Their findings were published in Intelligent Computing, a Science Partner Journal, on January 11^th, 2023.

The authors’ novel method effectively manages and processes the massive datasets produced by tomographic phase microscopy, a popular tool for single-cell research. This approach can provide 3D images of living cells and tissues quickly and without causing damage to the sample, making it a useful tool for investigating cellular dynamics such as division, migration, and differentiation.

A fundamental issue in tomographic phase microscopy nowadays is successfully processing huge amounts of 3D data to accomplish a quick and precise cellular diagnosis. The new technique has a data compression ratio of 22.9. This suggests that big-data single-cell tomograms can be compressed while saving over 95% of the space while losing less than 1% of the information.

The strategy functions effectively on a variety of experimental data, including spherical and non-spherical cells. In fact, it can process any volumetric image quickly.

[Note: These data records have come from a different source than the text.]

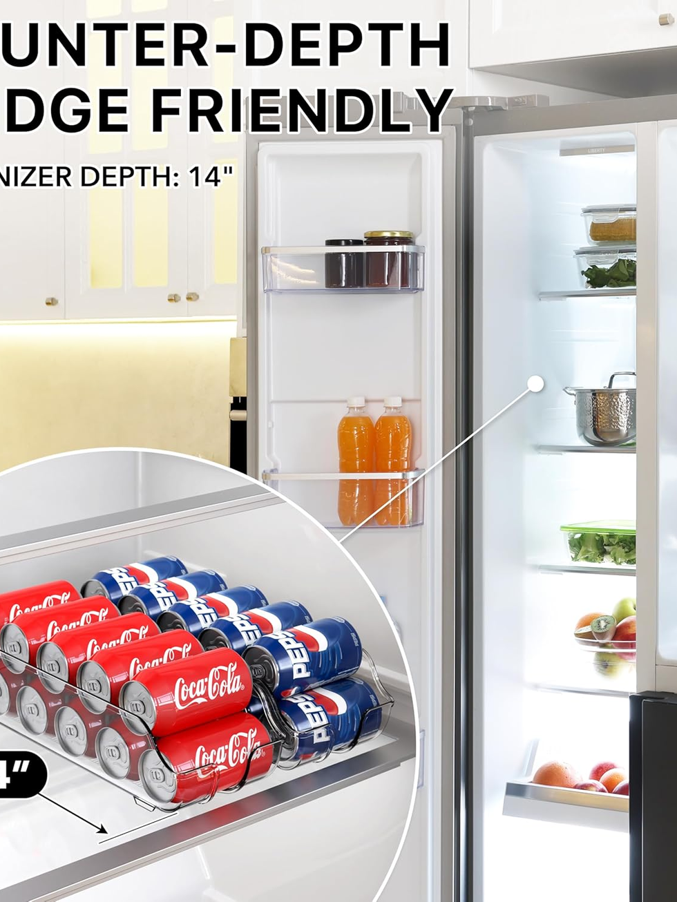 Soda Can Organizer for Pantry/Refrigerator, Clear, Set of 2
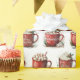 Vattenfärgad hett choklad i rött mugg på vit bakgrund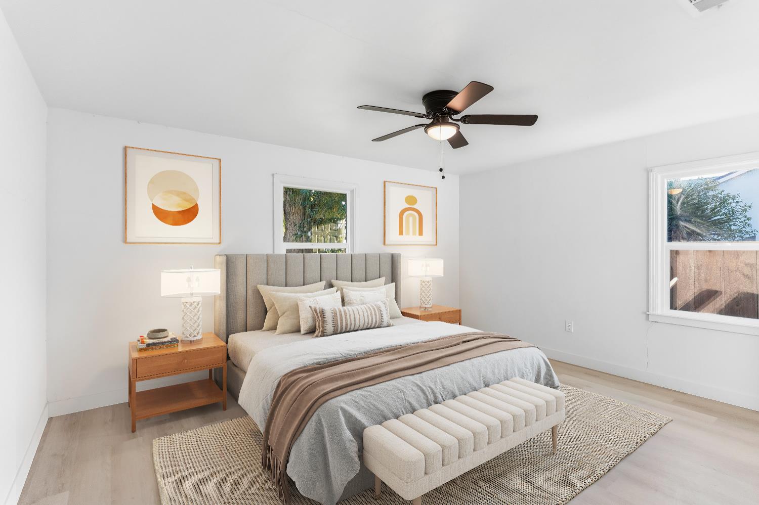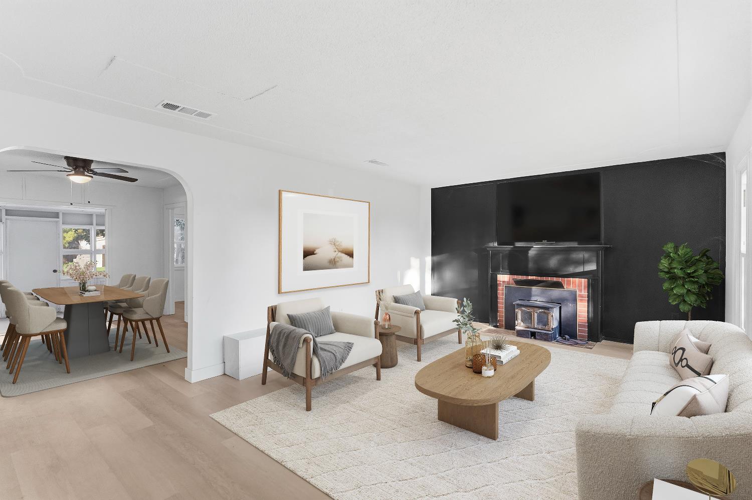 Bright and inviting home with updated flooring, fresh interior paint, and abundant natural light. Spacious living room with fireplace and large windows. Kitchen features white cabinetry, updated countertops, and tile backsplash. Well-sized bedrooms and refreshed bathroom with tiled shower surround. Enclosed patio/sunroom offers flexible bonus space. Situated on a generous 10,625 sq ft lot with mature trees, spacious backyard, and detached garage.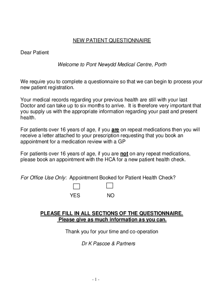 NEW PATIENT QUESTIONNAIRE Dear Patient Welcome to Point New Medical Center, North We require you to complete a questionnaire so that we can begin to process your new patient registration. Your medical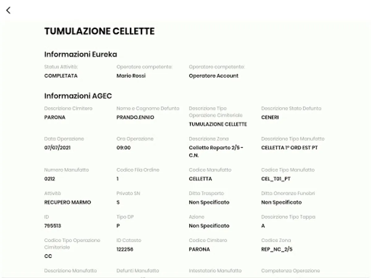 Cloud computerized system suitable for the management of cemetery services by the company eureka srl.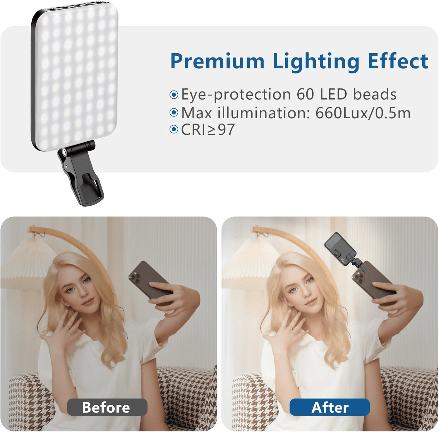 ALTSON 60 LED Portable Selfie Light Video Conference Lighting with Clip & Camera Tripod Adapter Rechargeable 2200Mah CRI 97+, 3 Light Modes for Phone Iphone Webcam Laptop Photo Makeup
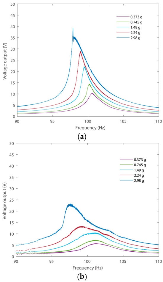 Figure 5 shows the open circuit voltage output under forward and backward frequency sweeping. The voltage outputs of the piezoelectric transducer on the first layer at the fixed end (PZT1) under excitations with different amplitudes are presented for illustration. The forward frequency responses are shown in Figure 5a, where the frequencies of excitations sweep from low to high. It can be seen that the harvester reached its RMS open circuit voltage output of 14.28 V under 0.745 g amplitude excitation in the forward frequency responses, as shown in Figure 5a. An increase in the amplitudes of excitation can effectively enhance the voltage outputs. For instance, the peak output of the PEH is 29.17 V under an excitation of 2.98 g. Additionally, the proposed PEH exhibits a softening effect under a large amplitude excitation of 2.98 g, i.e., the voltage outputs lean towards the left under a large amplitude excitation with a sudden decrease at 98.88 Hz in the forward frequency sweeping. This phenomenon can be attributed to the nonlinearity of the additional constraints, which led to uneven stress in the three beams, since the three cantilevers are assembled in parallel. In addition, the backward frequency responses are shown in Figure 5b, where the frequencies of excitations sweep from high to low. The frequency responses under forward and backward responses show difference with each other due to the exitances of nonlinearity. The voltage outputs in this scenario are smaller than those under forward frequency sweeping. The high voltage output can be achieved by properly selecting the frequency sweeping direction in a real application. Additionally, an increase in the amplitudes of excitation can effectively enhance the voltage outputs. Nevertheless, the PEH has large amplitude voltage outputs around 100 Hz that could power the wireless sensor node.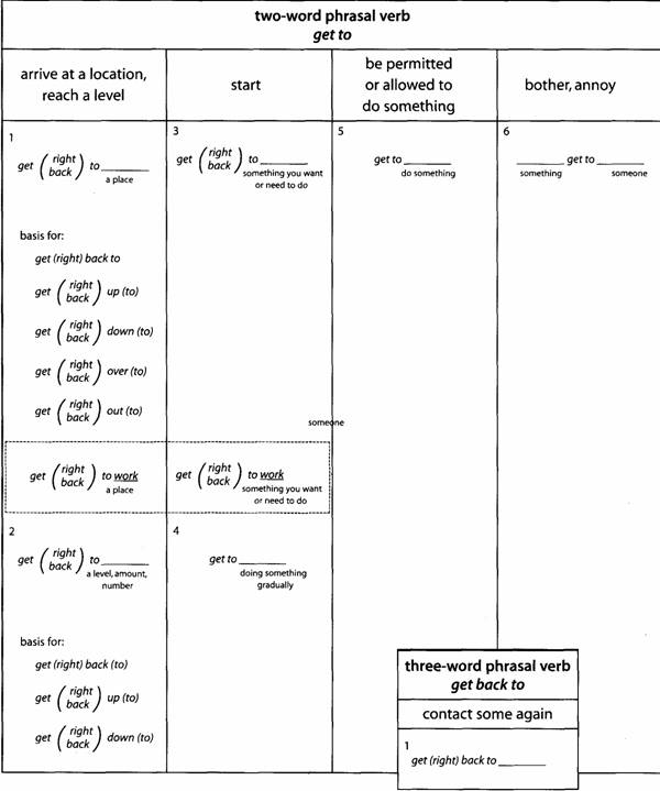 The focus of this section is an expanded definition of the two-word phrasal verb get to and the three-word phrasal verb get back to. The purpose is to try to make some sense out of a seemingly limitless number of idiomatic combinations of get, to, and various particles and adverbs, in particular right and back, and to demonstrate that many phrasal verbs comprised of get and a particle are actually variations of get to that can be modified with right andlor back.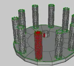 Let's say we want to duplicate the twisted column on the right in a circle around the point indicated by the red spot.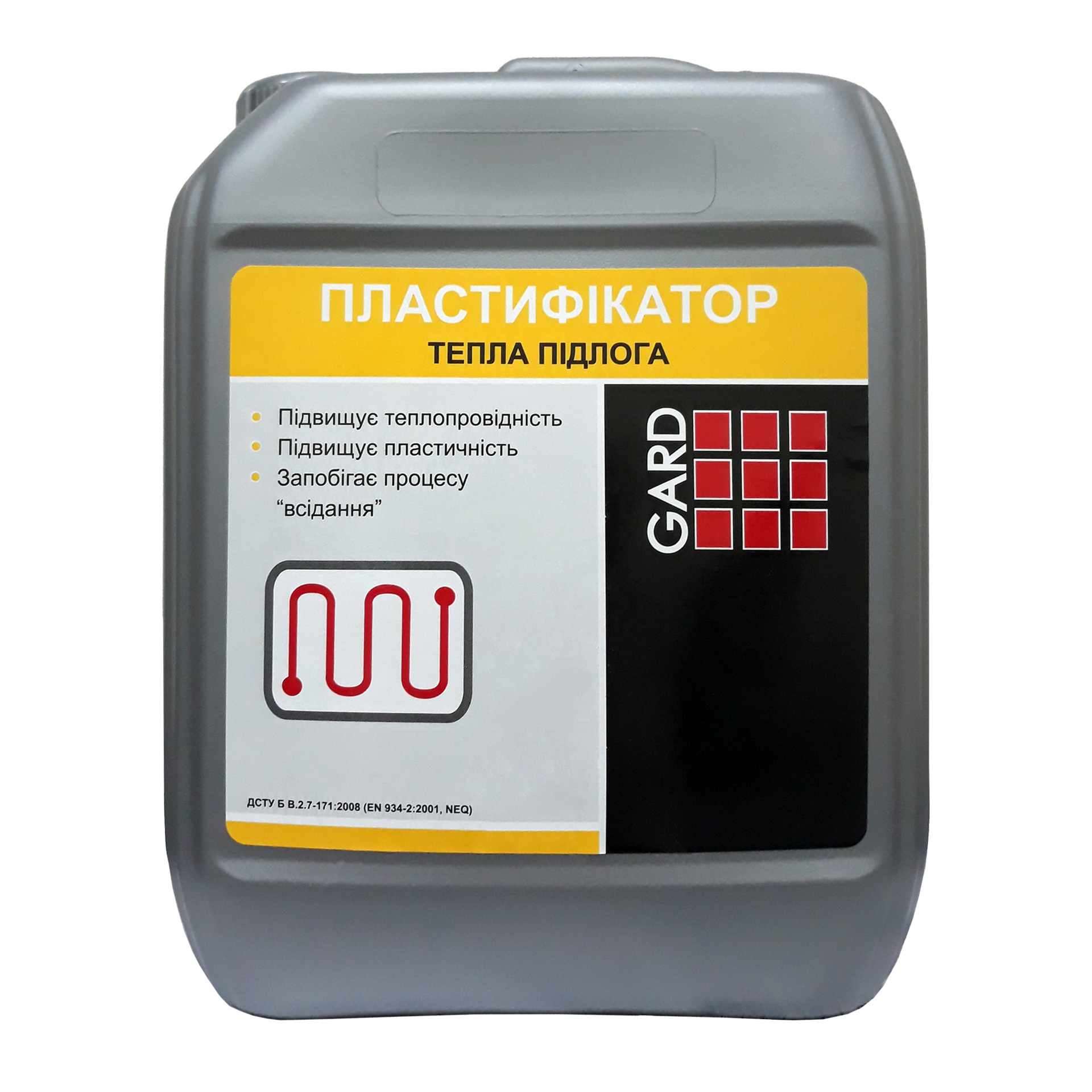 Пластифікатор GARD Тепла підлога - це універсальна добавка, що без зміни консистенції продукує зниження вмісту води замісу до 15% та виводить з бетонного розчину бульбашки повітря. Призначений для регулювання властивостей всіх готових до використання видів бетону (армованого та неармованого), розчинових сумішей та сухих будівельних сумішей. Використовується для улаштування стяжок, наливних та самовирівнюючих підлог, в тому числі і для систем з підігрівом, а також для монолітного будівництва та інших бетонних конструкцій.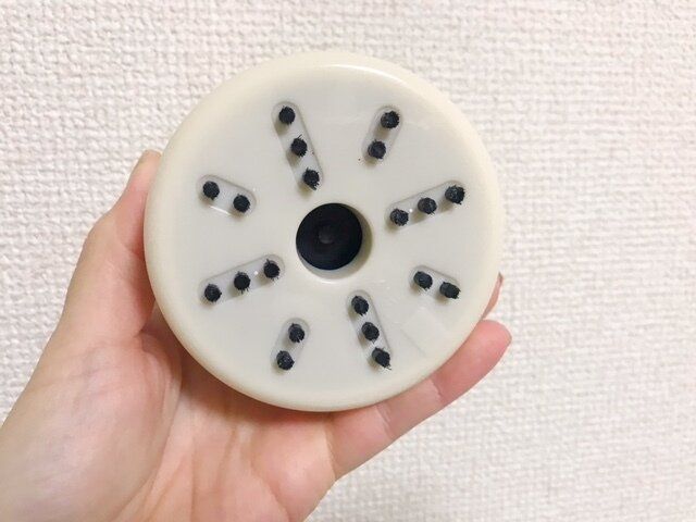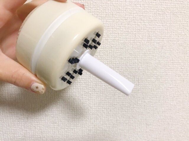 スイッチを入れると真ん中部分がごみを吸引してくれます。細かいブラシがついていて、ごみやほこりをかき出して吸引してくれるので、消しゴムのカスまみれだった学習机も簡単にきれいになりましたよ!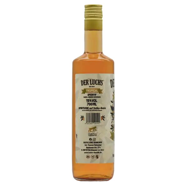 Entdecken Sie die sonnige Welt von DER LUCHS TROPICAL, einem exotischen Genuss für Ihre Sinne! Unsere köstliche Rezeptur bringt den tropischen Flair direkt zu Ihnen nach Hause oder in Ihre Lieblingsbar. Tauchen Sie ein in die fruchtige Vielfalt und lassen Sie sich von den spritzigen Mixvarianten überraschen. Perfekt als leckerer Aperitif für besondere Momente oder einfach als regionaler Longdrink für zwischendurch. Genießen Sie den Geschmack des Sommers mit DER LUCHS TROPICAL - machen Sie jeden Schluck zu einem unvergesslichen Erlebnis in geselliger Runde!"

A lab-on-a-chip tomographic imaging flow cytometry system—a technology that uses lasers to assess numerous features of individual cells as they travel through a fluid-filled channel—will be available in the future. To do this, a microfluidic module capable of regulating the locations and rotation of flowing cells using advanced cell manipulation solutions like multicore fiber will be required.

From a computational standpoint, the results presented here pave the way for an efficient methodology for storing, manipulating, and processing volumetric pictures, particularly for lab-on-chip systems that require a minimal memory footprint. The findings presented here will pave the way for future advances in computational microscopy for single-cell phase-contrast tomography.

The novel method is based on the Zernike polynomial’s 3D extension. The 3D Zernike representation is a method of describing an object’s shape in three dimensions. It is based on a mathematical notion known as spherical harmonics and excels at characterizing objects with roughly spherical shapes. Because cells in nature are frequently shaped like spheres, the 3D Zernike representation can be a powerful tool for analyzing them.

The investigations showed that using 3D Zernike polynomials, the 3D refractive index distribution of a cell may be easily represented in one dimension. They rebuilt a tomographic cell phantom and compared its performance to the most commonly used volumetric image compression strategies. After that, the approach was validated using real-world single-cell tomography data.